Il avait pu choisir jeux, boissons et bédés préférés. Le psychologue n'a même pas eu à intervenir.
Le bureau des enfants égarés a eu du pain sur la planche. Il a recueilli Thibaut (10 ans), Christophe (7), Tarik (12), Yannik (12), Suares (13), puis Christophe (14), Jonas (10), Cindy (12), Sarah (16), Laurence (17), Geoffrey, Sébastien (11), loris (8) et encore Sarah (16).
Les parents ont bien compris le message : ils ont su exactement où et à qui s'adresser... et tout est à chaque fois rentré dans l'ordre.
Un Sébastien, qui avait perdu sa maman, a pensé comme un grand qu'il la retrouverait sans doute au commissariat. Elle y était !

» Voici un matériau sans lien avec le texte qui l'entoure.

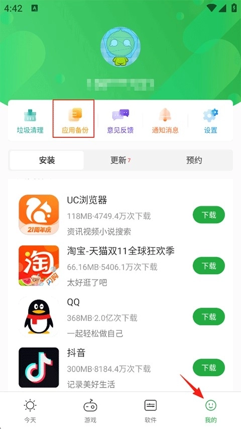 1、打开豌豆荚,点击我的-应用备份;
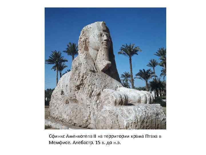 Сфинкс Аменхотепа II на территории храма Птаха в Мемфисе. Алебастр. 15 в. до н. э.
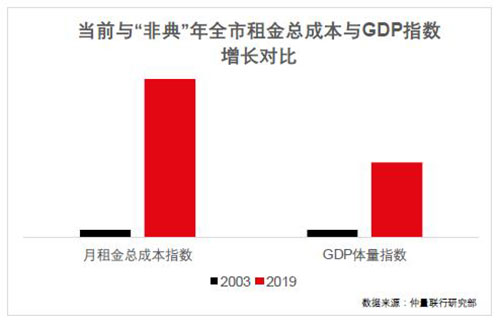 多組數(shù)據(jù)均表明非典時期,北京甲級辦公樓市場僅發(fā)生短期波動,在疫情結(jié)束后回歸快速發(fā)展軌道,為市場在應(yīng)對此次疫情時提供信心。但是值得注意的是,當前北京甲級辦公樓所面臨的整體環(huán)境和市場規(guī)模與2003年大相徑庭,疫情所帶來的影響不能簡單類比2003年的情況。比如,甲級辦公樓市場整體體量在16年間已增長近900%,而租金水平增長也已超過160%。2003年,北京全市甲級辦公樓租戶繳納月租金總額為1.1億元,而此刻北京全市需承擔超過21.6億元的甲級辦公樓月租金成本,租金成本翻了21倍,而同期GDP總值僅增長約10倍。與此同時,北京也剛剛經(jīng)歷了2019年經(jīng)濟下行壓力所帶來的市場波動,多個市場指標處于歷史新低。相較于2003年,我們所處的市場雖然擁有更龐大的體量、更強的常規(guī)風險抵御能力,但面臨疫情等突發(fā)意外事件時,也相對更加脆弱,容錯空間更小。市場各方參與者不能因非典年的市場恢復速度而盲目樂觀,但也應(yīng)保持基本信心,主動提前采取措施、調(diào)整應(yīng)對策略,以更合理的方式分配疫情成本,保證整體市場的健康水平。

Saluons aussi le travail efficace de
Baudouin. Son rôle s'est avéré plus qu'indispensable puisque, au dernier bilan, elle avait comptabilisé près de cent interventions, dont 1 (ou 2) malaise cardiaque.
La plupart - une soixantaine - des interventions ont été enregistrées en début de parcours. Les médecins les attribuent à l'engorgement qui s'est créé au départ de la gare du Nord. Ils ont eu à traiter des cas classiques d'hyperventilation, d'hypoglycémie et de crises d'asthme. Ajoutez quelques cas d'éthylisme et d'épilepsie.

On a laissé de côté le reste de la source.